What David could have done in the above example is to leave the business in a discretionary trust with his wife and children as potential beneficiaries. If business property is left in a discretionary trust, HMRC will make a decision as to whether it qualifies for Business Property Relief. They would not normally make this decision if the surviving spouse or civil partner inherited the business, because the spouse exemption means no Inheritance Tax would be due (regardless of whether the business qualified for the relief or not). HMRC only makes a decision where there is a possibility that tax could be do.
This decision from HMRC is valuable as it allows for future estate planning by the survivor.
If HMRC rules that the business qualifies for the relief, it will be available to benefit both the surviving spouse and children going forward. Whilst the property does qualify, there are no ongoing Inheritance Tax charges. The business or a part of it can be given to any of the beneficiaries whenever it is deemed appropriate. If the survivor decides to sell the business to release some of its value, the majority of the proceeds can remain in the trust and do not need to form a part of the survivor’s estate.
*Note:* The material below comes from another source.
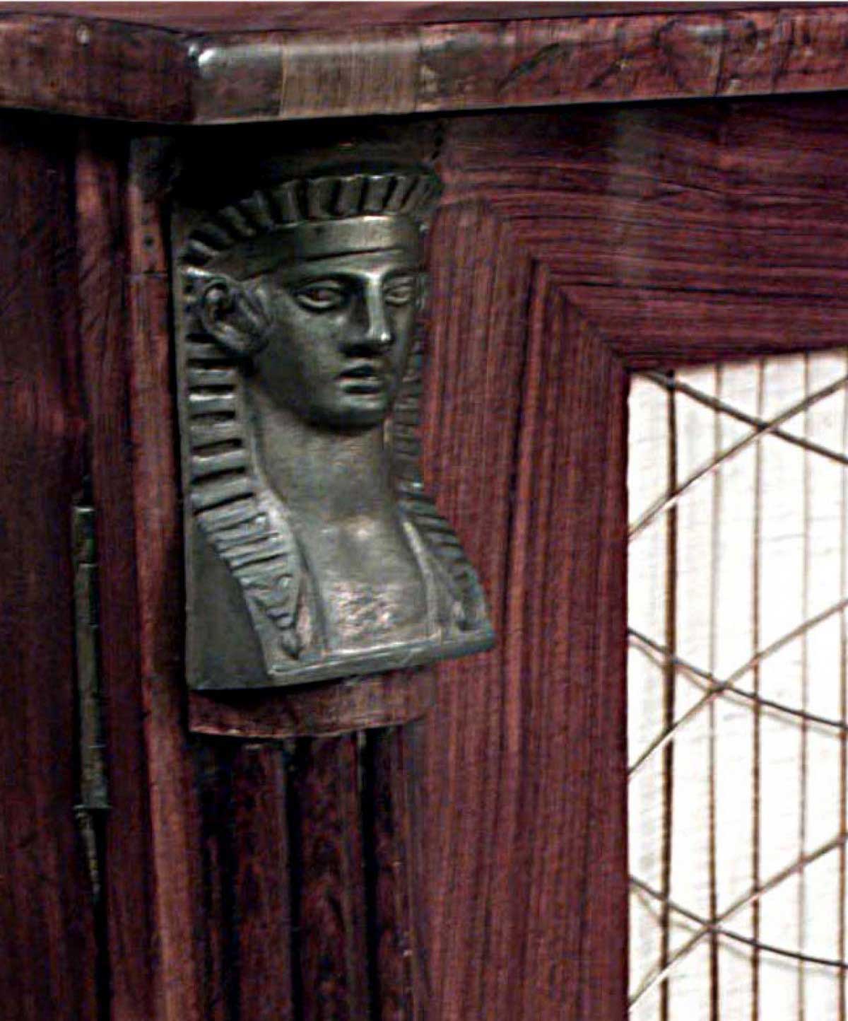 English Regency (Early 19th Century) bronze mounted rosewood chiffonier with 3 graduated tiers above a pair of grilled doors flanked by Egyptian headed pilasters on claw feet.

Whilst the proceeds will begin to attract ongoing Inheritance Tax charges (maximum 6% every 10 years) they are often preferable to a 40% charge on the survivor’s death.
If, on the other hand, HMRC rule that the business does not qualify for Business Property Relief, the trustees can distribute the business to the surviving spouse or civil partner within two years of the first-to-die’s death. The effect of this is that the gift is ‘written back into the Will’ as if this is what the first-to-die intended all along – and the gift then attracts the spouse exemption (Section 144, IHTA 1984). The survivor would then need to consider other ways to reduce the Inheritance Tax bill that will be charged on their estate.
When a director is owed a debt
Business are sometimes financed by loans from their shareholder directors. However, a credit balance on a directors’ loan account (or a current account) will not be eligible for Business Property Relief. It is sometimes therefore beneficial to convert these balances to share capital. This is illustrated by the case of Vinton v HMRC (2008).
The Deceased owned 750,500 shares in Wilton Antiques Ltd which benefited from 100% Business Property Relief. The Deceased also was owed £300,000 by the Company by way of a director’s loan. Director’s loans do not qualify for the relief.
A few days before their death, the Deceased took up a rights issue under which they were allocated 300,000 further company shares, to satisfy the Director’s loan. As a consequence of the share reorganisation rules, these new shares were equated with her original holding therefore attracted full Business Property Relief on her death, even though they were owned for less than one week.
This shows that where appropriate, it may be beneficial to convert a Director’s loan into share capital to benefit from the relief.